Epidermal growth factor and tumor necrosis factor\(_{\alpha }\)

EGF/TNF is a model that combines two important mammalian signaling pathways induced by the epidermal growth factor (EGF) and tumor necrosis factor alpha (TNF\(_{\alpha }\)) [29, 30]. EGF and TNF\(_{\alpha }\) ligands stimulate ERK, JNK and p38 MAPK cascades, the PI3K/AKT pathways, and the NFkB cascade. This network of 28 components encompasses cross-talks between these pathways as well as two negative feedback loops. We applied our method from the initial state corresponding to the signal TNF\(_\alpha\) active and EGF inactive; the two goals refer to downstream proteins, namely the inactivation of NBkB and the activation of its inhibitor, IKB.

T-helper cell plasticity

T-helper cell has been studied in [8] in order to investigate switches between attractors subsequent to changes of input conditions. It is a cellular network regulating the differentiation of T-helper (Th) cells, which orchestrate many physiological and pathological immune responses. T-helper (CD4+) lymphocytes play a key role in the regulation of the immune response. By APC activation, native CD4 T cells differentiate into specific Th subtypes producing different cytokines which influence the activity of immune effector cell types. Differentiation in one subtype rather than another depends on the presence of specific polarizing cytokine combinations.

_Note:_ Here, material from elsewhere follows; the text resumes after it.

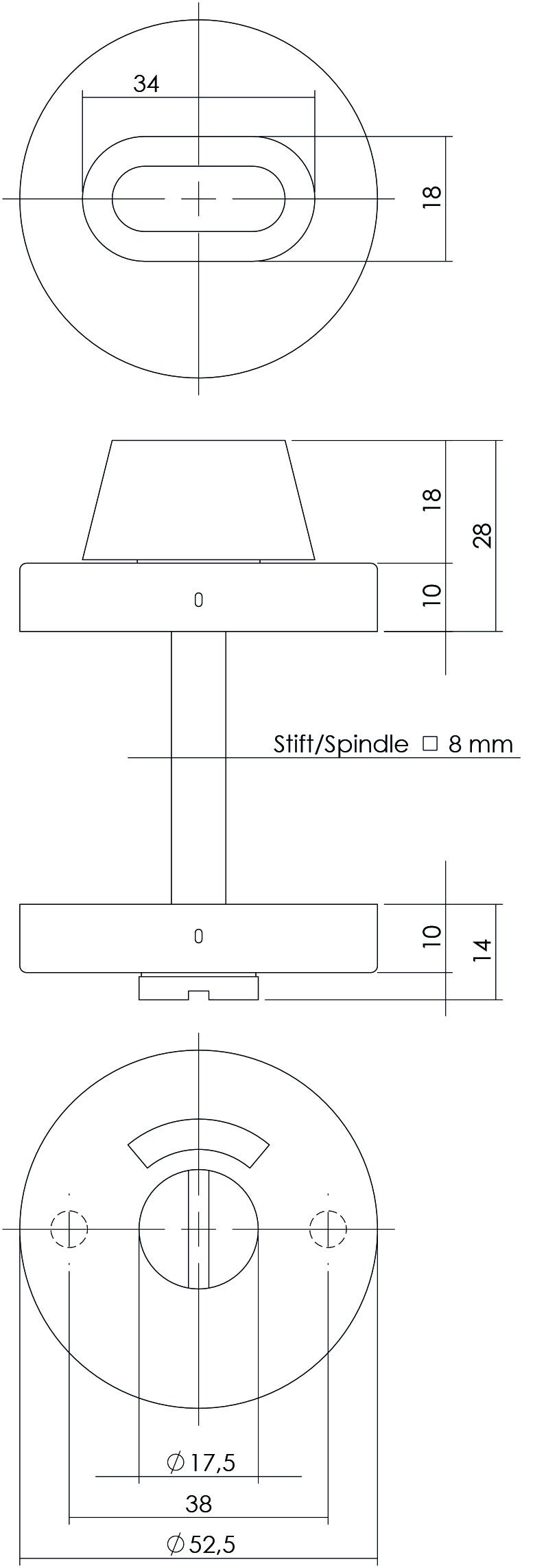 Rozet toilet-/badkamersluiting rond verdekt rvs geborsteld 8 mm
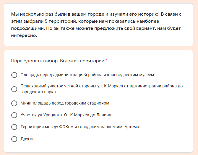 которые наиболее подходят под условия конкурса. Это площадь перед администрацией района и краеведческим музеем, пешеходный участок улицы К. Маркса от администрации района до городского парка, мини-площадь перед городским стадионом, участок улицы Урицкого: от К. Маркса до Ленина, территория между ФОКом и парком имени Артёма.

These different lineages are characterized by a set of cytokines they express under the control of a master regulator transcriptional factor. Each master regulator is critically involved in the driving of the differentiation of the Th lineage they specify. The network is composed of 101 nodes and 221 interactions; the corresponding AN has in total 381 local transitions. Note that due to the very high number of reachable states from some particular initial states of the network, the authors in [8] had to analyse a reduced version of this network, which does not preserve all the reachability properties. In this work, we analyse the full model. We selected initial states and goals for this model according to the attractors identified in [8].

We applied our method for three different initial states, namely th1, th2, and pluri. The two formers are arbitrary initial states from which particular subtypes (Th1 and Th2, respectively) are reachable. The “pluri” initial state corresponds to a potential cell environment which can trigger a differentiation among different cell subtypes (the differentiation is non-deterministic in the Boolean model): the initial states specify that APC, IL1B\(_e\), IL25\(_e\), IL27\(_e\), IL29\(_e\), IL2\(_e\), IL33\(_e\), IL36\(_e\), IL4\(_e\), and TGFB\(_e\) (\(_e\) stands for environment) are active, and only them.

In all cases, the goals correspond to the activation of master regulators and cytokines which are specific markers for differentiated Th subtypes.

Methods

Given an AN, an initial state, and a goal, we performed the bifurcation identification with three different methods:

  1. 1.

    Exact model checking using NuSMV [20]: for each local transition in the AN specification, we verify if it is a bifurcation transition according to the CTL formula given in Eq. 1. This identification is exact and complete, but has a high theoretical complexity.

  2. 2.

    ASP solving of \((\mathrm{I1}^\#)\), \((\mathrm{I2}^\#)\), and \((\mathrm{I3})\) (computation of the reachable states set from \(s_0\)). We use clingo 4.5.3 [31] as ASP solver, and Mole [32] for the computation of the complete finite prefix for \((\mathrm{I3})\). This identification is exact but incomplete: some bifurcation transitions can be missed.

  3. 3.

    ASP solving of \((\mathrm{I1}^\#)\), \((\mathrm{I2}^\#)\), and \((\mathrm{I3}^\#)\) (reachability under-approximation). We use clingo 4.5.3 [31] as ASP solver. This identification is exact but incomplete: some bifurcation transitions can be missed. Due to the additional approximations brought by \((\mathrm{I3}^\#)\) compared to \((\mathrm{I3})\), it is expected that less bifurcation transitions can be identified with this latter approach, but with a higher scalability.

The computation times correspond to the total toolchain duration, and includes the \(\mathrm{local}\text{-}\mathrm{paths}\) computation, unfolding, ASP program generation, ASP program loading and grounding, and solving. Note that the LCG (see above “Background” and “Results” sections) computation (and ASP program generation) is almost instantaneous for each case. We implemented the three methods in the Pint software.Footnote 2 Models and instructions are provided in Additional file 2.

Results

Table 1 summarizes the results of the identification of bifurcation transition for the models, initial states and goals described above. In the remainder of this section, we discuss two aspects of these results: the scalability of our approach and the biological interpretation of the identified bifurcations.

Scalability

For the analysed models, exact model checking and approximation using \((\mathrm{I3})\) give comparable execution times, with nevertheless an advantage for \((\mathrm{I3})\) in most cases. Because the model checking approach is exact, the identified bifurcation transitions is complete, whereas, due to \((\mathrm{I1}^\#)\) and \((\mathrm{I2}^\#)\) approximations, the second approach generally identifies less bifurcation transitions. As supported by the experiments on Th_th2, the computation of \((\mathrm{I3})\) should be, in practice, more tractable than the verification of the CTL expression of Eq. 1. Indeed, \((\mathrm{I3})\) requires only to compute the set of reachable states, where CTL verification requires, in addition, to store the transitions between these states.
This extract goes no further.